• [HOW TO COMPLETE THIS TASK]: From the records below, print exactly the lines starting at the one containing "RAMSAY, David (1749-1815)." and ending at the one containing "森の朝はピスタチオのクリーム", ends included, and nothing else.

• [DATASET EXTRACT]:
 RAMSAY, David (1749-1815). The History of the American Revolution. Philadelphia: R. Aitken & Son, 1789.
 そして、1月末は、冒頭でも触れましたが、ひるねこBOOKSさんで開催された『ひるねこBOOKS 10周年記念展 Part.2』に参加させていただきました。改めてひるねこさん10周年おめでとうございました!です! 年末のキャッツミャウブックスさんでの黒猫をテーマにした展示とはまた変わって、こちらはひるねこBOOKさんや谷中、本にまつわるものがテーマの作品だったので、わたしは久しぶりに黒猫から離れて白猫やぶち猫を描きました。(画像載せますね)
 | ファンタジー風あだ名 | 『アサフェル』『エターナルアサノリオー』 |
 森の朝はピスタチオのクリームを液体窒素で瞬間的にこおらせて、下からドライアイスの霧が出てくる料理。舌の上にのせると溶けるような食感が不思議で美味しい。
==
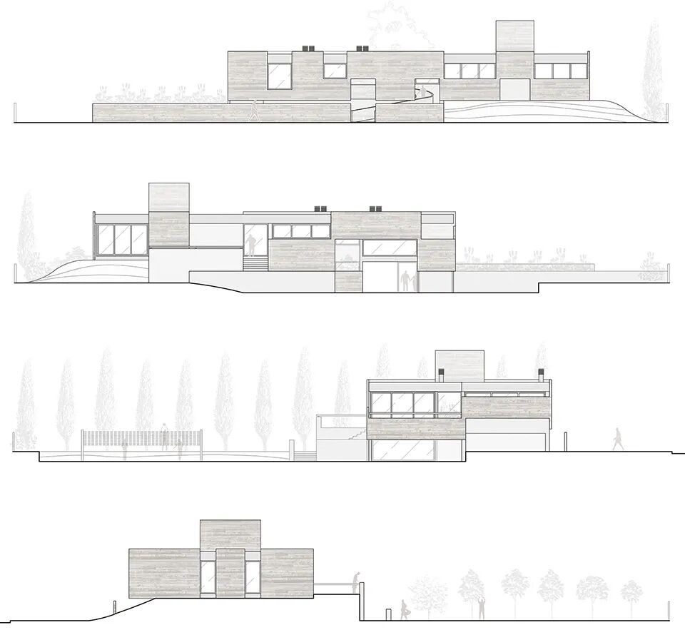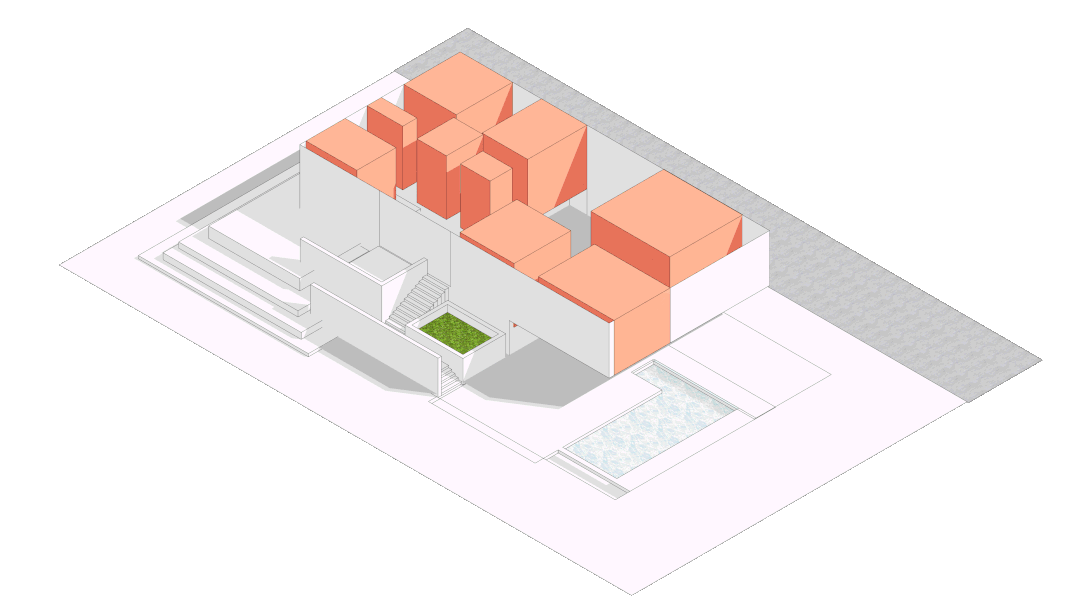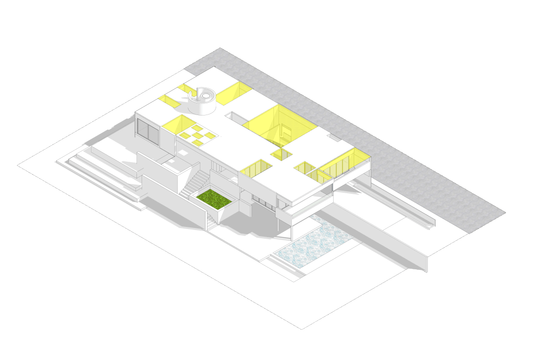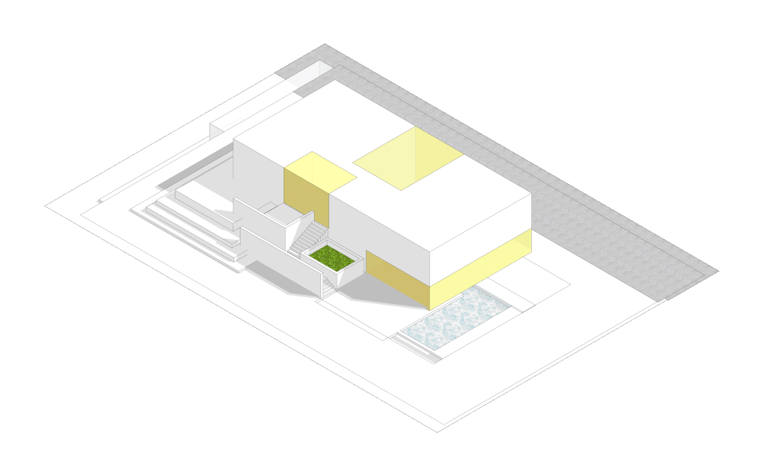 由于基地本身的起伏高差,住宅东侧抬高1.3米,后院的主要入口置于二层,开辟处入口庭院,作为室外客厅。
* * *
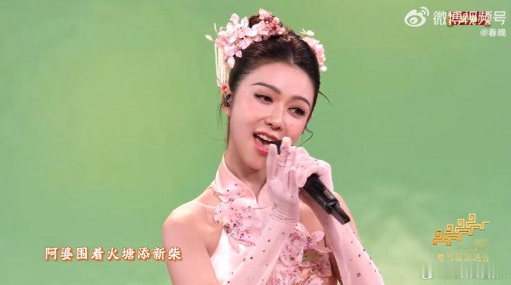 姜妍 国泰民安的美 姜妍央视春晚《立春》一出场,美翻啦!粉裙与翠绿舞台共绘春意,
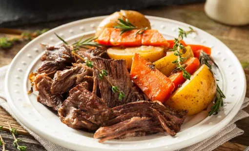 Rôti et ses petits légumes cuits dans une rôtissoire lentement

• [SOLVED EXERCISE]:
 RAMSAY, David (1749-1815). The History of the American Revolution. Philadelphia: R. Aitken & Son, 1789.
 そして、1月末は、冒頭でも触れましたが、ひるねこBOOKSさんで開催された『ひるねこBOOKS 10周年記念展 Part.2』に参加させていただきました。改めてひるねこさん10周年おめでとうございました!です! 年末のキャッツミャウブックスさんでの黒猫をテーマにした展示とはまた変わって、こちらはひるねこBOOKさんや谷中、本にまつわるものがテーマの作品だったので、わたしは久しぶりに黒猫から離れて白猫やぶち猫を描きました。(画像載せますね)
 | ファンタジー風あだ名 | 『アサフェル』『エターナルアサノリオー』 |
 森の朝はピスタチオのクリームを液体窒素で瞬間的にこおらせて、下からドライアイスの霧が出てくる料理。舌の上にのせると溶けるような食感が不思議で美味しい。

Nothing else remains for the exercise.